Identifying cases of CKD may help to prevent ESKD and the attending increase in cardiovascular morbidity and mortality. There is clear evidence that intervention may slow the rate of decline in GFR for people with CKD, particularly if identified at an early stage. Blood pressure control, use of angiotensin-converting enzyme inhibitors or angiotensin II receptor antagonists for patients with proteinuric nephropathies, blood sugar control and regular clinical follow-up are all proven to be of benefit.7 Reduction in the cardiovascular burden associated with CKD through aggressive management of traditional and non-traditional (eg, elevated calcium phosphate product) cardiovascular risk factors appears likely to be effective, although definitive studies are awaited.

CKD is generally asymptomatic. Subject awareness at all stages other than stage 5 is almost non-existent, and clinician awareness is similarly low.8 Thus, detecting CKD requires GFR measurement or estimation.
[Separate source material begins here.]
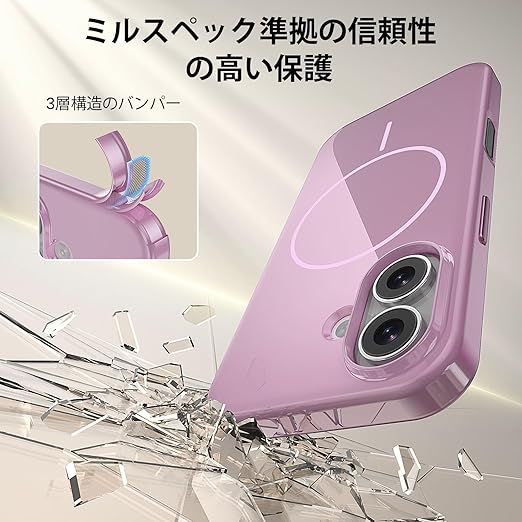 【MagSafe対応】軽く吸着し瞬時的にしっかりとフィットします。ワイヤレス充電や車載ホルダーなど、MagSafeに関するアクセサリーと簡単に互換性があります。あらゆる振動に耐え、簡単に外れることのない強力で安定した吸着力を提供します。対応機種:いphone16 ケース
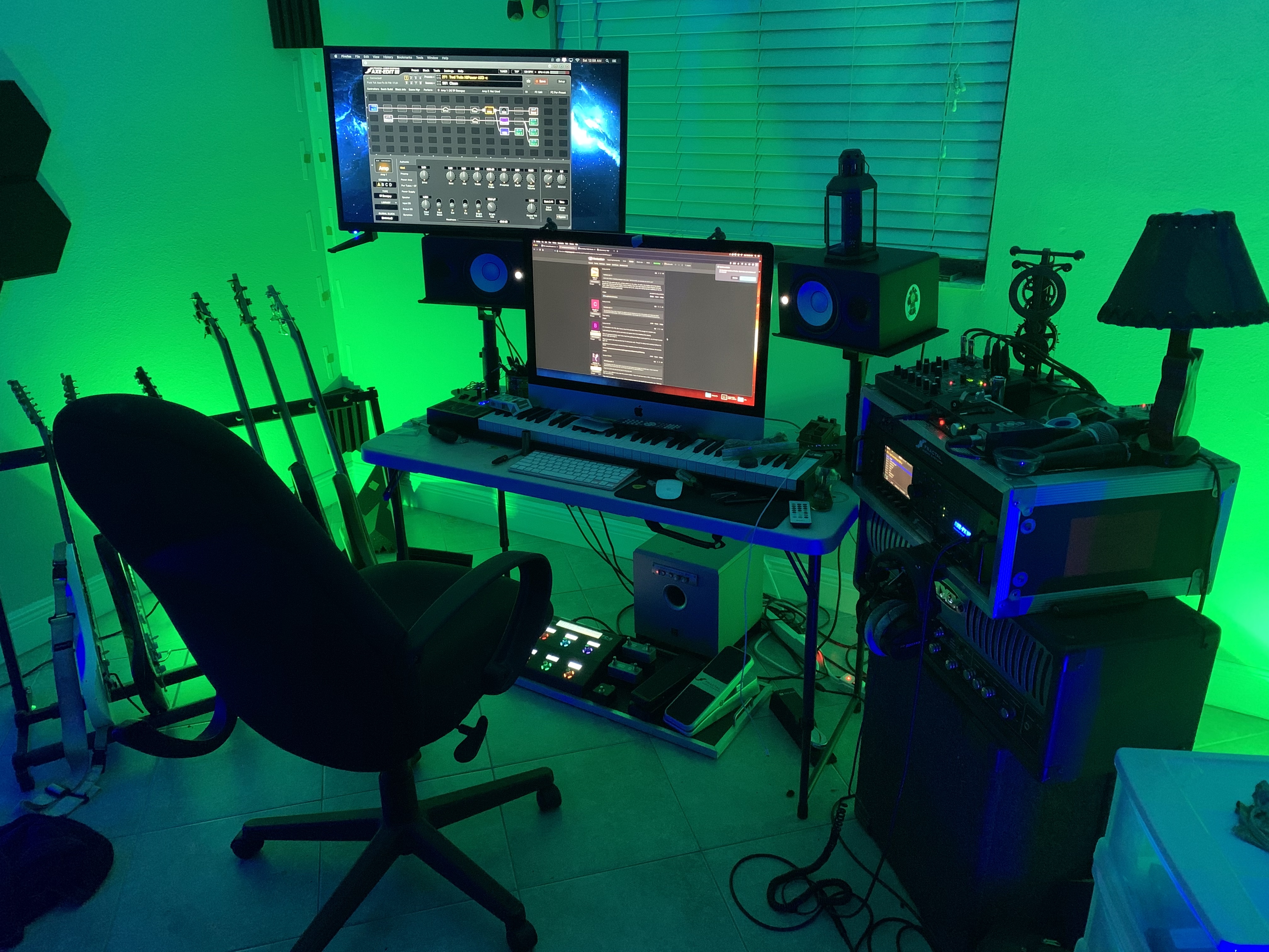 I've got my rack with the JV-1080, 2 Soundcards, analogue PPMs, AxeFX 2, wireless etc etc. Next to that is my mini rig, which is a JMP-1 and Palmer Power Amp. Out of shot is my GK250ML sitting on a home made 4x12 in teal! Guitars are a 72 strat, 5 string stingray, Jackson soloist, cheap 7 string. E-kit runs off MIDI cables going into my soundcard which controls Superior/GGD.

In this issue of the Journal (page 138), a working group representing the peak bodies of Australian nephrology, pathology and biochemistry plus Kidney Health Australia has proposed that eGFR be automatically calculated whenever a serum creatinine measurement is requested through any pathology service in Australia. The eGFR will be reported whenever the value is < 60 mL/min, enabling classification of the patient within CKD stages 3–5. Values above 60 mL/min will not be reported, because of inaccuracies in eGFR in that range and because the complications of CKD are mainly seen at GFR < 60 mL/min. The program will include a comprehensive, ongoing strategy for quality control of laboratory serum creatinine measurements, as this is critical to the accuracy of eGFR, and a major education campaign designed to provide clinicians with guidance on interpreting eGFR and managing CKD.
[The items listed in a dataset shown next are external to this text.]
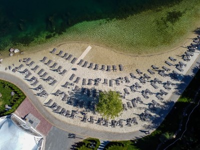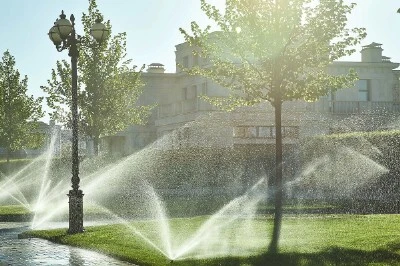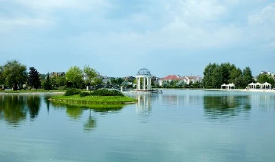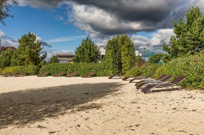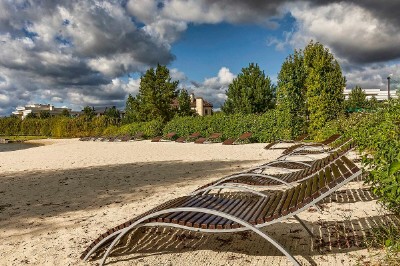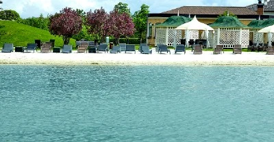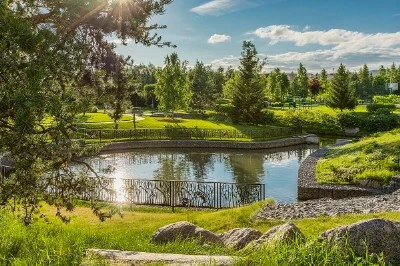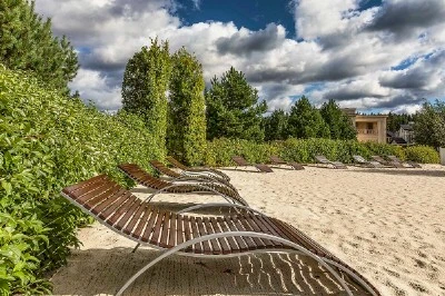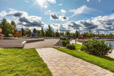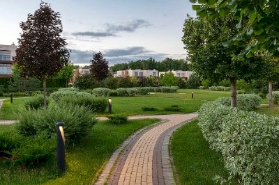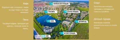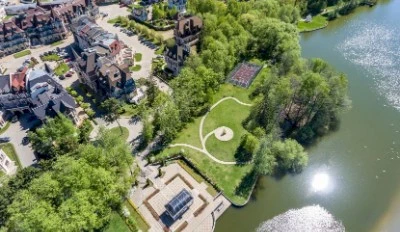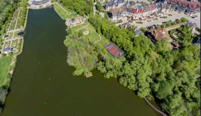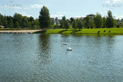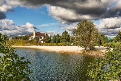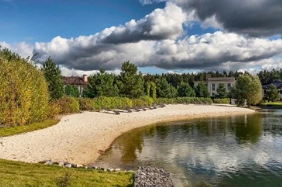 The settlement is surrounded by well-maintained park areas with artificial lakes, rotundas, fountains, and walking alleys. Landscape solutions include ornamental greenery, classical garden layouts, and custom landscaping. The central feature is a beach with white quartz sand, sun loungers, and a lakeside relaxation zone. Sports grounds, a football field, and playgrounds round out the outdoor amenities.
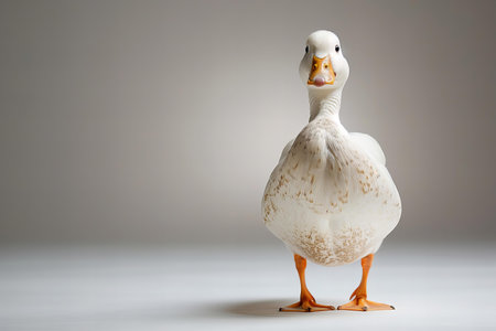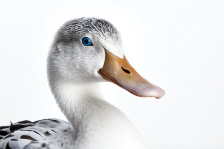 White duck on a white background, studio shot, close-up
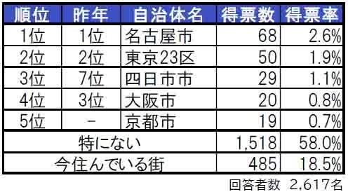 住みたい街1位は3年連続で名古屋市、2位東京23区。3位四日市市。
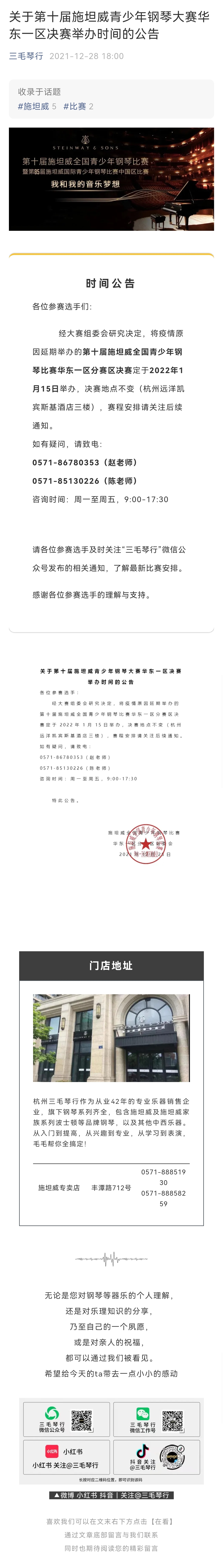 關(guān)于第十屆施坦威青少年鋼琴大賽華東一區(qū)決賽舉辦時間的公告

This initiative may prove to be incredibly important if Australia is to limit the current escalation in the burden of CKD. One crucial aspect will be to determine whether automated reporting of eGFR and early detection of CKD result in better health outcomes for the general population, by formally assessing the impact on the health system and individuals before and after the recommended change in eGFR reporting.

As with any bold undertaking, there are certain risks and limitations. Firstly, an enormous number of patients will be identified, particularly among elderly Australians. The AusDiab study suggests the majority of patients with stage 3 CKD will be elderly women.2 The natural history of CKD in older people is poorly understood, as is the difference between the impact of normal ageing versus disease on GFR. The potential for increased costs to the health care system through an increase in tests, prescriptions and referrals to nephrologists may be significant, and the potential benefits are uncertain. The increase in workload for nephrologists, in particular, may be unsustainable. Education of clinicians will be crucial here, as will further research into the natural history of CKD in older people.

Secondly, although eGFR is well validated for adult whites, caution will be required in applying eGFR to other patient groups such as Indigenous Australians and people of Asian origin.3

Finally, clinicians must not fall into the trap of interpreting an eGFR of > 60mL/min as indicative of healthy kidney function. While GFR is the best overall measure of kidney function and therefore the dominant determinant of the stage of CKD, for people at risk of kidney disease, testing for other markers of kidney damage — such as hypertension, haematuria, abnormal structure and, most importantly, albuminuria/proteinuria — must not be forgotten.